The extended Antoine equation parameters for the vapor pressure model were analytically derived from the Riedel model using the values of T_b, T_c, and P_c listed in Table 3. The values of all parameters were similar for both the PCES and the current Python-based algorithms, as listed in Table 4. Slight differences were observed in C_P,2, C_P,6, C_P,8, and C_P,9 owing to variations in T_b and T_c, as mentioned in Section 3.1. The percent mean absolute residuals between the PCES method and the current Python-based algorithm for P are 0.47, 0.44, 0.46, 0.34, 0.60, 0.67, and 0.53% for DHMF, FDA, DEMB, GSH, VITB5, HCYS, and AH, respectively.

Table 4. Estimation of Extended Antoine Equation Parameters Using the PCES Method and the Current Python-Based Algorithm.
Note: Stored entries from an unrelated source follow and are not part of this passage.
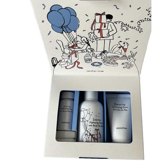 This SET is a complete skincare set designed for all skin types. This hydrating serum and travel-sized set includes a , toner, cleanser, and moisturizer, all formulated for deep hydration. The set is perfect for unisex use and features a refreshing green tea scent. Ideal for daily skincare routines, this set is a must-have for those looking to pamper their skin with effective and nourishing products from a trusted brand like Innisfree.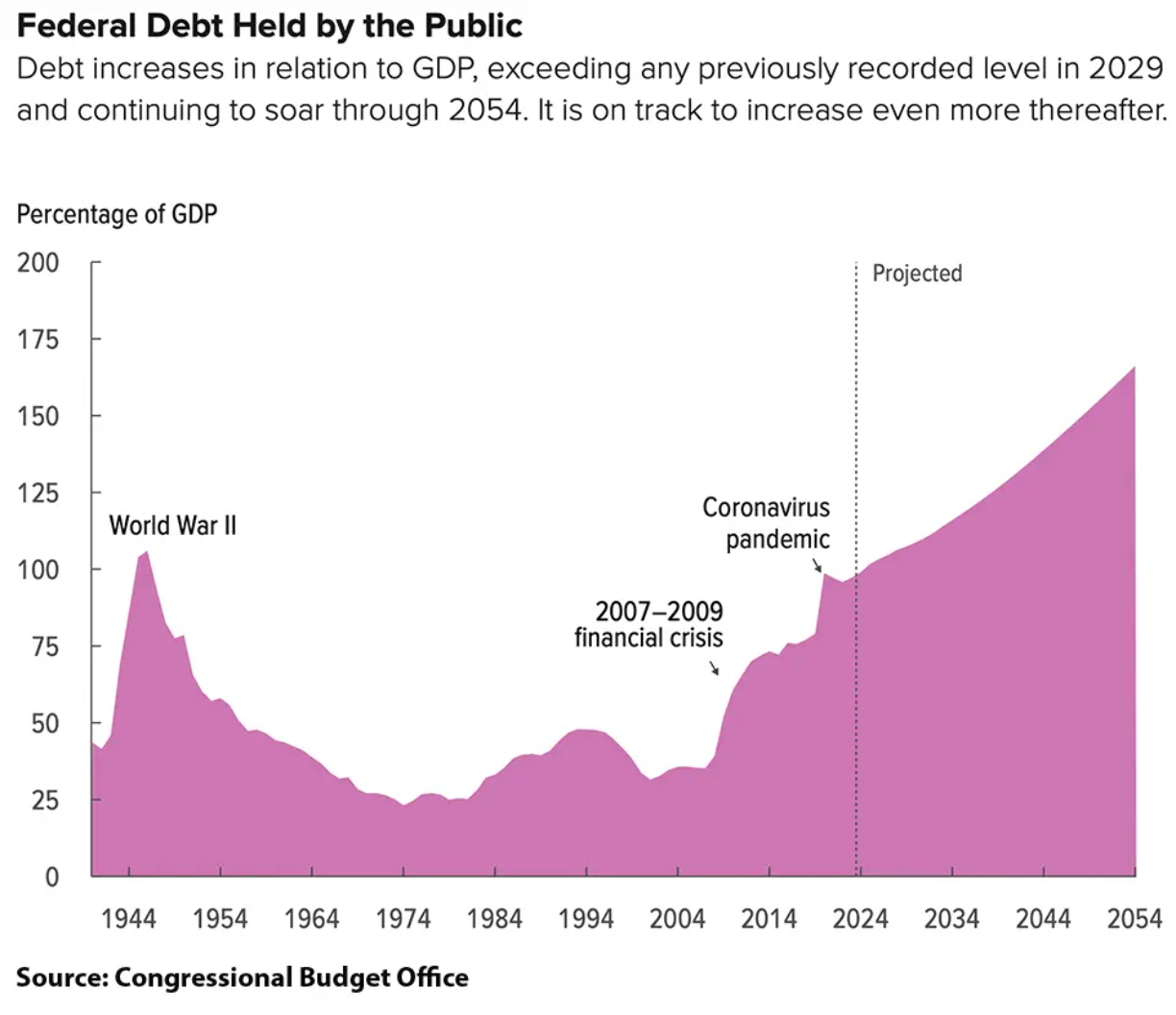 弗兰克尔直言不讳:财政紧缩“最终将在不可预见的未来到来”,但前提是一场“严重的财政危机”。想象一下这样的场景:债券义警抛售美国国债,利率飙升以惩罚联邦政府的债务违约行为,美国信用评级被下调,美元霸权摇摇欲坠。美国国会预算办公室(CBO)的长期展望警告,若不采取行动,到2055年债务占GDP比率将飙升至156%,挤出私人投资并抑制经济增长。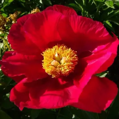 Цветение "Америки" – это настоящее зрелище. Его крупные цветы имеют диаметр свыше 20 см и обладают насыщенным ало-красным оттенком, который просто притягивает взгляд. Леапестки имеют чашевидную форму, гофрированную структуру и расширяются к краям, что придает цветкам выразительность. Ярко-желтые тычинки собраны в плотный помпон, а желто-зеленый пестик с белым рыльцем дополнительно добавляет эстетического очарования, а его края окрашены в бледно-розовый цвет. Аромат пиона "Америка" еле уловимый.

substance	method	CP,1	CP,2	CP,3	CP,4	CP,5	CP,6	CP,7	CP,8	CP,9
DHMF	PCES	52.00	–7.323 × 103	0	0	–5.742	4.439 × 10–18	6.0	150.7	370.6
	this work	52.00	–7.325 × 103	0	0	–5.741	4.426 × 10–18	6.0	150.9	370.9
FDA	PCES	74.54	–1.038 × 104	0	0	–8.659	3.559 × 10–18	6.0	226.8	425.2
	this work	74.54	–1.039 × 104	0	0	–8.658	3.550 × 10–18	6.0	227.0	425.5
DEMB	PCES	68.55	–8.754 × 103	0	0	–8.041	6.929 × 10–18	6.0	176.1	346.5
	this work	68.55	–8.758 × 103	0	0	–8.040	6.910 × 10–18	6.0	176.3	346.8
GSH	PCES	226.9	–4.689 × 104	0	0	–26.26	2.026 × 10–19	6.0	788.7	1031
	this work	226.9	–4.690 × 104	0	0	–26.26	2.023 × 10–19	6.0	788.9	1032
VITB5	PCES	213.9	–3.602 × 104	0	0	–25.42	8.081 × 10–19	6.0	562.4	757.8
	this work	213.9	–3.603 × 104	0	0	–25.42	8.069 × 10–19	6.0	562.6	758.1
HCYS	PCES	100.6	–1.487 × 104	0	0	–11.75	1.951 × 10–18	6.0	298.2	527.9
	this work	100.6	–1.488 × 104	0	0	–11.75	1.947 × 10–18	6.0	298.4	528.2
AH	PCES	119.3	–1.755 × 104	0	0	–14.14	1.971 × 10–18	6.0	339.4	545.9
	this work	119.3	–1.755 × 104	0	0	–14.14	1.967 × 10–18	6.0	339.6	546.2

3.3. Liquid Molar Volume

For the current Python-based algorithm, Z^RA was obtained from the empirical model of eq 36 proposed by Gunn and Yamada. However, there is no clear published algorithm for estimating Z^RA for the PCES method. Nevertheless, the PCES method and the current Python-based algorithm yielded similar results, as shown in Table 5. This example demonstrates the versatility of the empirical model proposed by Gunn and Yamada (eq 36) for obtaining the Rackett parameter. Figure 1 shows the calculated liquid molar volumes for FDA and HCYS, demonstrating that the simulation results were almost identical. The calculation results for the liquid molar volume of all substances can be seen in Figure S1 in the Supporting Information. The percent mean absolute residuals between the PCES method and the current Python-based algorithm for V^l are 0.48, 0.89, 0.66, 0.62, 0.61, 0.78, and 1.14% for DHMF, FDA, DEMB, GSH, VITB5, HCYS, and AH, respectively.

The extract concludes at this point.